Vi la verdad y sentí miedo. Vi cómo se revelaban los secretos, cómo se deshojaban las mentiras. Vi que no estamos solos. Vi que el mundo no depende de nosotros, pero que nosotros sí dependemos de él. Vi la destrucción y también la esperanza. Vi que no existe un comienzo, ni tampoco un fin. Vi que nada está inmóvil, sino que todo progresa diacrónicamente, sin interrupciones, sin fases ni etapas. Vi que todo comienzo fue previamente un fin, y que todo fin indica también un nuevo comienzo.

(2008)







1 de enero de 2010

▪ Embracing it All Inside

   
   
MI ALEPH I

Una tarde de septiembre, estaba tan cansado que decidí recostarme.

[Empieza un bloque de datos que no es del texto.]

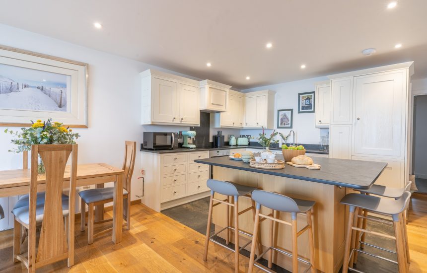 The open plan living spaces include a sinkable grey corner sofa where you can put your feet up and admire the view. A dining table sits alongside. Here, you can enjoy delicious holiday suppers with a famous Cornish sunset as your backdrop. A sleek kitchen has everything you need for home-from-home cooking including stylish mint green Smeg appliances. A breakfast bar provides the perfect place to gather and plan the day's adventures with a fresh coffee in hand.

Casi de manera involuntaria, me concentré en un punto de un cuadro. Un punto que me permitió ver todos los puntos. Entonces, vi el Aleph:

Vi un centro que se expandió infinitamente, vi todos los centros a la vez y sin dificultad, vi a una mujer llorando, vi a su hijo, vi una cruz gigante, vi muchas piedras en un camino impecable, vi rostros acusadores y palabras filosas, vi la esperanza eterna, una colección de libros, una medalla religiosa y un anillo con la letra "E" grabada en él, vi un mundo oculto y un corazón puro, vi un laberinto lleno de trabas, vi todos los atardeceres, las cuatro fases de la luna, vi música a mi alrededor, vi una ventana, alas rotas y sin plumas, pero las vi extendidas, vi un ángel, vi un sol radiante y tormentas que se aproximaban, vi un arcoiris aunque no recuerdo dónde, vi un cascarón, vi cómo se quebró y dejó salir a alguien, vi la inseguridad, la soledad amenazante, el temor, vi un enigma imposible de descifrar.

Vi cosas que aquí no voy a (no puedo) describir. Quizás vi más de lo que quería ver. Pero lo vi todo: vi mi Aleph.